Because our resolution of these issues results in disposition of the case, we need not determine the remaining issues raised by Appellant.

¶ 16 Order reversed. Case remanded for proceedings consistent with this Opinion. Jurisdiction relinquished.

¶ 17 Klein, J. files a dissenting opinion.


¶ 1 I respectfully dissent from the majority view and would sustain Judge Tereshko's decision granting summary judgment.

¶ 2 The two reasons stated by Judge Tereshko for his decision show that this experienced trial judge not only did not abuse his discretion but acted wisely and properly.

¶ 3 1. The verification of the Answer to the Summary Judgment Motion is by counsel on information and belief. It is not on personal knowledge by any officer of Brotech. Pa.R.C.P. 1035.4 requires, among other things, personal knowledge of the affiant and a statement that the signer is competent to testify to the matters stated.

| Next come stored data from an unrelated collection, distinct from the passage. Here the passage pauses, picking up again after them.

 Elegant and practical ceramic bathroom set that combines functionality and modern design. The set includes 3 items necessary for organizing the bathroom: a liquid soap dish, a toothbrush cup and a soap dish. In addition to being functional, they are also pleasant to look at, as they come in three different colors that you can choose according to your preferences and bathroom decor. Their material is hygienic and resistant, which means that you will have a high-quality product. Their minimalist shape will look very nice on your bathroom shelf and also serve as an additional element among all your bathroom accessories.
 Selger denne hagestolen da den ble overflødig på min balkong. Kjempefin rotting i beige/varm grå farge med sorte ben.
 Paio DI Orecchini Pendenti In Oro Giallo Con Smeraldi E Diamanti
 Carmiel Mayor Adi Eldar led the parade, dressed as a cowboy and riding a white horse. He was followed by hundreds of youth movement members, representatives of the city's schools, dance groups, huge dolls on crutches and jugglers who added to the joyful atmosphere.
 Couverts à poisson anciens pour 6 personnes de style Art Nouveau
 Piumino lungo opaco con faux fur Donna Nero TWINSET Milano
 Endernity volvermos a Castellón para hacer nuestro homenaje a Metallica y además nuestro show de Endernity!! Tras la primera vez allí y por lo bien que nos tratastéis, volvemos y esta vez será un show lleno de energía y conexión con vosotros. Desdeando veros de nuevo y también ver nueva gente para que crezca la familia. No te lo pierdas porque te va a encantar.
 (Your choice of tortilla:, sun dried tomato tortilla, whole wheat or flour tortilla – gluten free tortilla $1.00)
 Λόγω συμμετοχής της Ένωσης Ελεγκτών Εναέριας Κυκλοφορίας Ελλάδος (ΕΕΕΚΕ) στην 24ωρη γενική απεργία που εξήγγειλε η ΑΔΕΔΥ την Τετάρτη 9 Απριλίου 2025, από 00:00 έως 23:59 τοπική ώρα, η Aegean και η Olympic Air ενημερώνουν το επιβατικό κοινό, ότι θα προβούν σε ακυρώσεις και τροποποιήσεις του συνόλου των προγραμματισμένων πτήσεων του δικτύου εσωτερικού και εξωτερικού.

¶ 4 Moreover, this "Answer" to the Summary Judgment Motion based on spoliation contains no explanation as to why the resin was not "discovered" before, what efforts Brotech made to find it, and, perhaps more significant, how we know that this is the right batch of resin.

¶ 5 This is not a mere technical defect in a late-filed response to a summary judgment motion. First, there is nothing of record to explain why Brotech did not comply with the discovery rules and whether they are complying now. In view of multiple discovery violations by and sanctions against Brotech during the litigation, it is understandable that Judge Tereshko would fail to credit a statement made by counsel not verified by the party. Moreover, it was never ascertained whether the caustic soda that was produced and tested was the caustic soda in the offending resins or was just other soda that had been stored in a contaminated vat.

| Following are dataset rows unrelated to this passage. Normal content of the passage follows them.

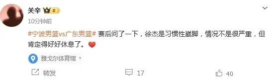当时广东体育记者关辛发文报道,徐杰是习惯性崴脚,情况不是很严重,但肯定得好好休息了。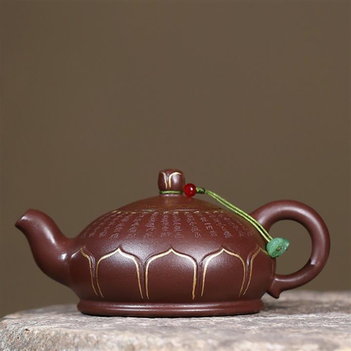原礦陳腐老紫泥刻繪描金佛蓮茶壺POT6976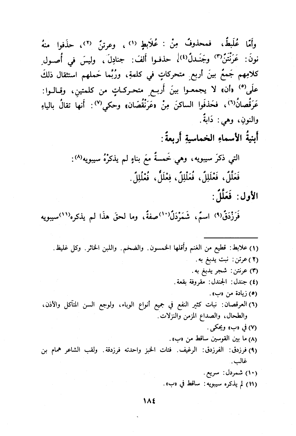 وأَمّا عُلَبطٌ فمحذوفٌ مِنْ: عُلاَبطٍ1 وعرتنٌ2 حذَفوا منهُ نونَ: عَرَنْتَنٌ3 وجَنَدلٌ4 حذفوا أَلفَ: جنادِلَ وليسَ في أُصولِ كلامِهم جَمعٌ بينَ أربعِ متحركاتِ في كلمةِ ورُبَّما حَملهم استثقال ذلكَ علَى5 "أن" لا يجمعوا بينَ أَربعِ متحركاتٍ من كلمتينِ وقالوا: عَرَقُصانُ6 فحَذفَوا الساكنَ مِنْ "عَرَنْقُصَان" وحكي7: أَنها تقالُ بالياءِ والنونِ وهي: دَابةٌ.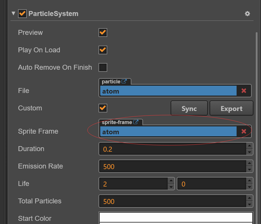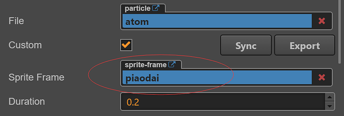 发现编辑器中粒子系统组件的属性中有一个属性叫Sprite Frame, 这个值全都被重置成了atom。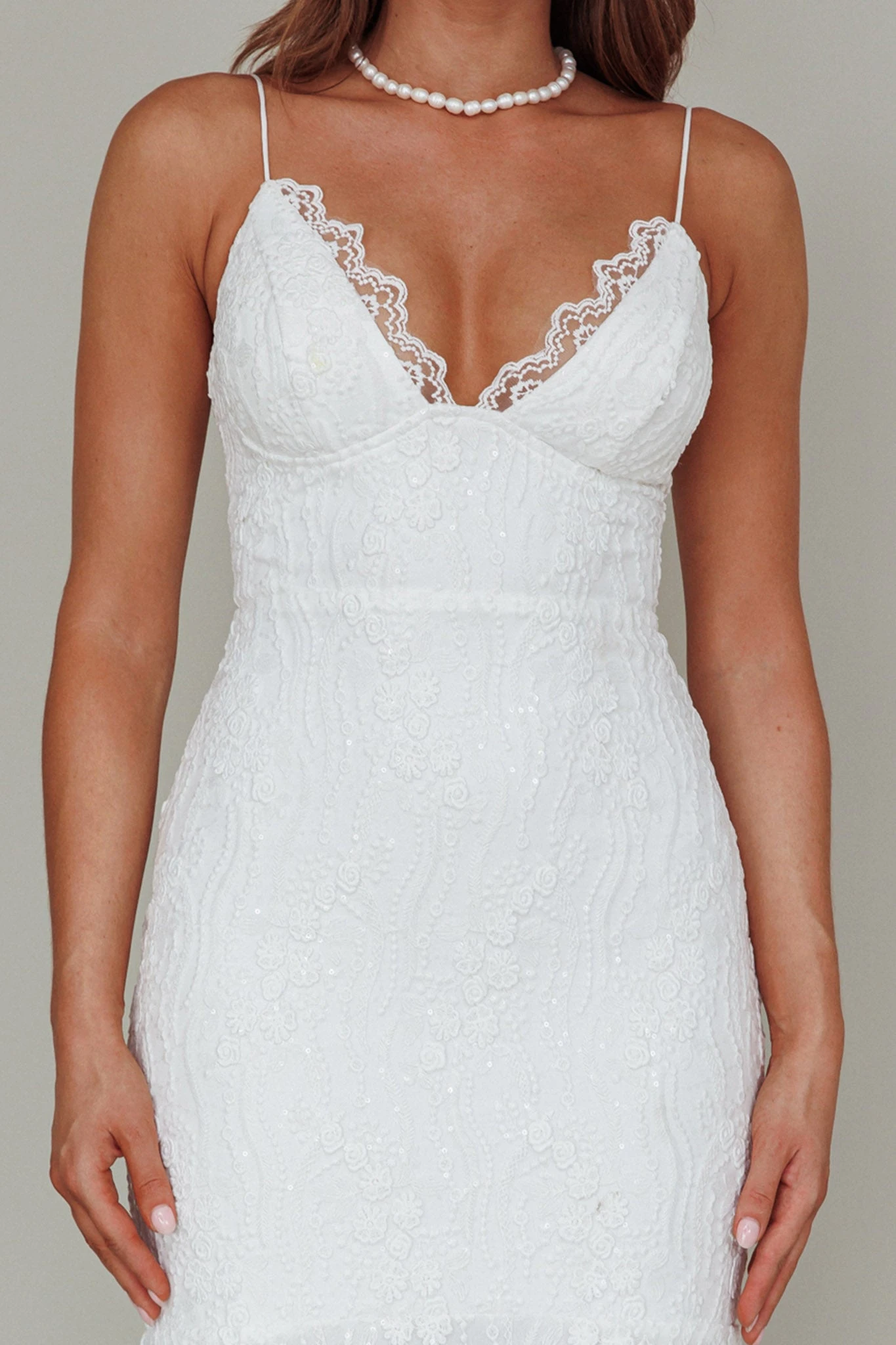 Make your grand entrance in our stunning Your Beloved maxi dress. We can’t get enough of its gorgeous lace throughout and on-trend mermaid silhouette. Perfect for walking down the aisle teamed with pearl jewelry and white mules.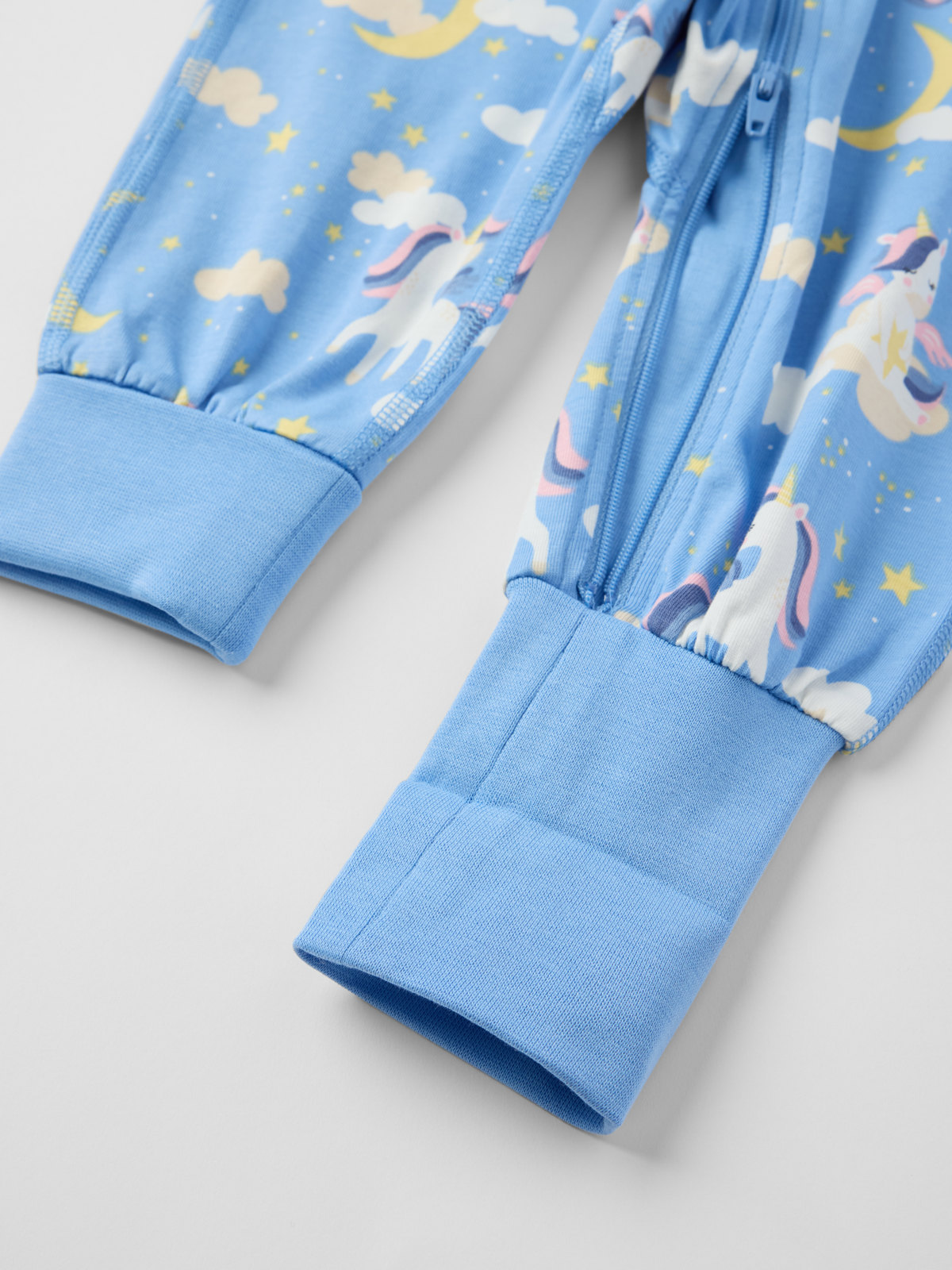 Hel pyjamas i myk økologisk bomull, med ekstra myke og flate sømmer som er skånsomme mot følsom hud. Vrangborden nederst på ermene og bena er ekstra lang og kan brettes ned etter hvert som barnet vokser. Den lange glidelåsen fra halsen til nederst på bena kan åpnes både ovenfra og nedenfra, noe som gir enklere klesskift.

¶ 6 2. The "discovery" of the missing resin was more than two years after the complaint was filed, a year after the discovery request was made, and eleven days before the trial was scheduled to start. Under Pioneer Commercial Funding Corp. v. Am. Fin. Mortgage Corp., 797 A.2d 269, 286 (2002) the refusal to allow the production of this evidence long after discovery had closed and just prior to trial was not an abuse of discretion. This late discovery would almost undoubtedly delay the trial. Under Schroedor v. Commonwealth Department of Transportation, 710 A.2d 23 (Pa. 1998), Judge Tereshko's decision to grant summary judgment based on the spoliation doctrine was likewise appropriate.

1. Failure to file the Rule Requiring an Affidavit of Personal Knowledge.

¶ 7 Judge Tereshko in his opinion pointed out that a statement by a lawyer on information and belief is no substitute for an affidavit or similar statement by a party with personal knowledge. As Judge Tereshko noted, Pa.R.C.P. 1035.1 requires the "record" in motions for summary judgment to include "depositions, answers to interrogatories, admissions and affidavits." Under Pa.R.C.P. 1035.4, an affidavit "shall be made on personal knowledge . . ." No such affidavit was filed in this case.

¶ 8 This is not a mere technical violation. Judge Tereshko said in his Opinion that the "'11th hour discovery' of the alleged samples becomes highly suspicious in light of the volume of litigation attached to the prior discovery issues." There is a long history of court involvement to compel Brotech to carry out their obligation to provide discovery. That litigation includes:

7/26/00 Order compelling Plaintiff's answers to Defendant's First Discovery Requests (R.R. 67b-68b).

9/13/00 Order requiring Plaintiff to file Answers to Discovery (R.R. 96b-98b).

11/29/00 Order requiring Brotech to answer interrogatories and produce documents or file affidavits if they do not exist (R.R. 160b).

1/24/01 Order requiring depositions and deposition continuances of five witnesses and imposing sanctions in the amount of $2,000 (R.R. 433b-434b).

2/28/01 Order requiring the appearance of Plaintiff's witnesses for depositions and requiring payment of the $2,000 ordered on 1/24/01 within ten days (R.R. 416b-417b).

3/15/01 Consent Order where Brotech agrees to respond to various Supplemental Document Requests and certain Requests for Production, with others being withdrawn (R.R. 469b-470b).

4/18/01 Order requiring Brotech to pay a reduced amount of sanctions ($500) within two days.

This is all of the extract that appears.